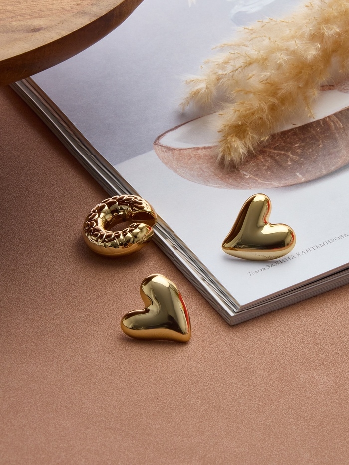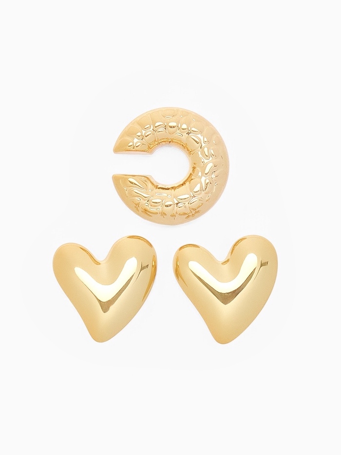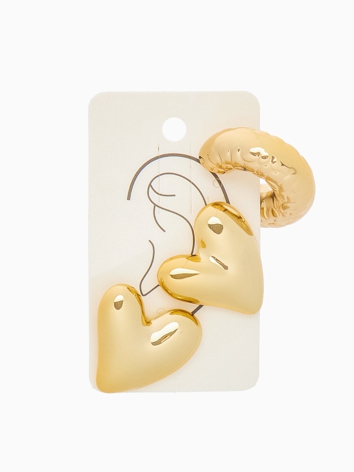 Набор серьги и каффы 3 шт. «Сердечко» бублик, цвет золото
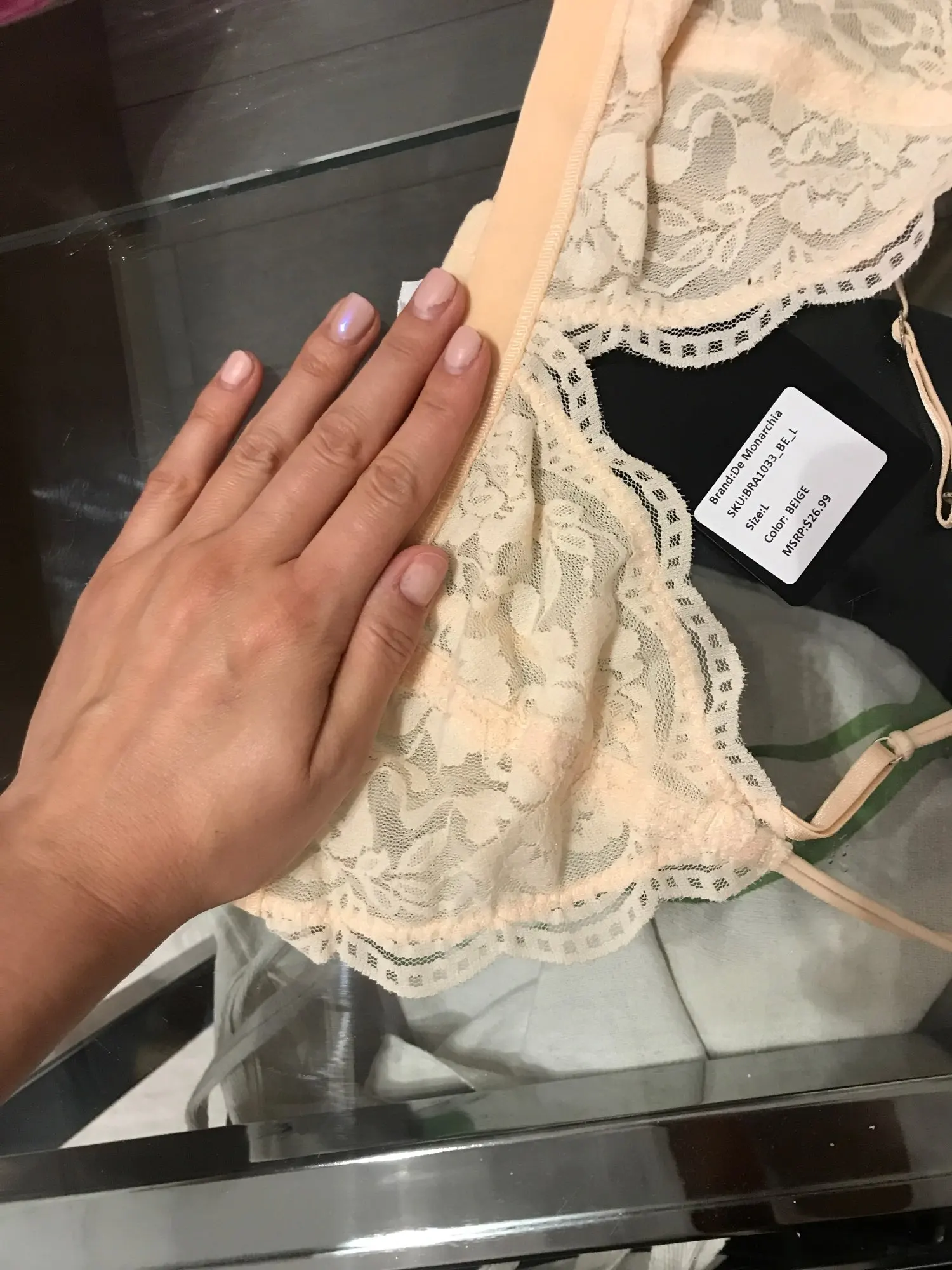 Cute bralette. Product description is accurate. I'm 5'3" and 115 lbs and size S fits me well on the smallest hook.
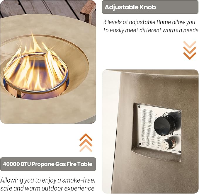 - 【Eco-friendly and Smoke-free Design】: Our outdoor fire pit is environmentally friendly, use propane gas to support stable and clean burning. The heat output is 40,000 BTU providing ample warmth and creating a romantic bonfire atmosphere in the chilling winter or summer nights. This portable propane fire pit table will perfectly compliments pool, deck, porch, balcony or any outside space.
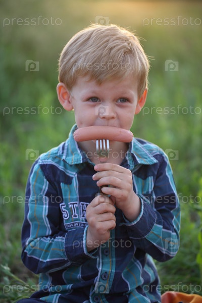Мальчик на пикнике ест сосиску
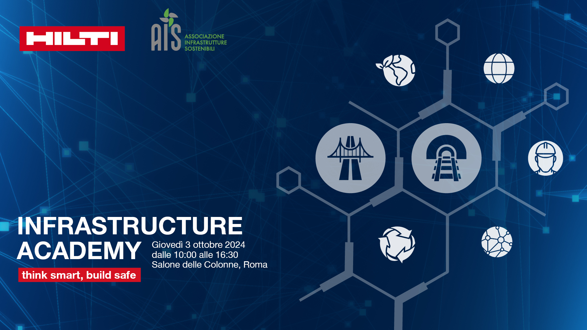 Ritorna l’Infrastructure Academy di Hilti Italia, l’evento di punta dedicato all’innovazione infrastrutturale nel mercato delle costruzioni, organizzato in collaborazione con AIS (Associazione Infrastrutture Sostenibili). La prossima edizione si terrà giovedì 3 ottobre a Roma presso il Salone delle Colonne, con la partecipazione di numerosi esperti e aziende di rilievo nel settore delle infrastrutture. |
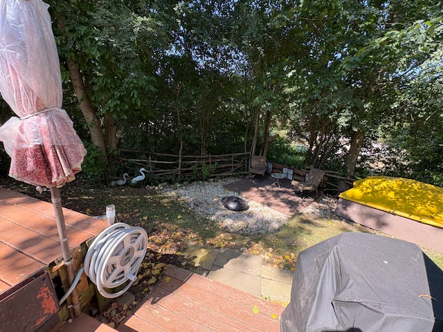 The Large deck has lost of space for a patio table and a well shaded lower area is the perfect spot for the peaceful campfire in the evenings.

# Exercise requirements
Exclude all images, then retype the records above without alteration.

# Answer below
 Набор серьги и каффы 3 шт. «Сердечко» бублик, цвет золото
 Cute bralette. Product description is accurate. I'm 5'3" and 115 lbs and size S fits me well on the smallest hook.
 - 【Eco-friendly and Smoke-free Design】: Our outdoor fire pit is environmentally friendly, use propane gas to support stable and clean burning. The heat output is 40,000 BTU providing ample warmth and creating a romantic bonfire atmosphere in the chilling winter or summer nights. This portable propane fire pit table will perfectly compliments pool, deck, porch, balcony or any outside space.
Мальчик на пикнике ест сосиску
 Ritorna l’Infrastructure Academy di Hilti Italia, l’evento di punta dedicato all’innovazione infrastrutturale nel mercato delle costruzioni, organizzato in collaborazione con AIS (Associazione Infrastrutture Sostenibili). La prossima edizione si terrà giovedì 3 ottobre a Roma presso il Salone delle Colonne, con la partecipazione di numerosi esperti e aziende di rilievo nel settore delle infrastrutture. |
 The Large deck has lost of space for a patio table and a well shaded lower area is the perfect spot for the peaceful campfire in the evenings.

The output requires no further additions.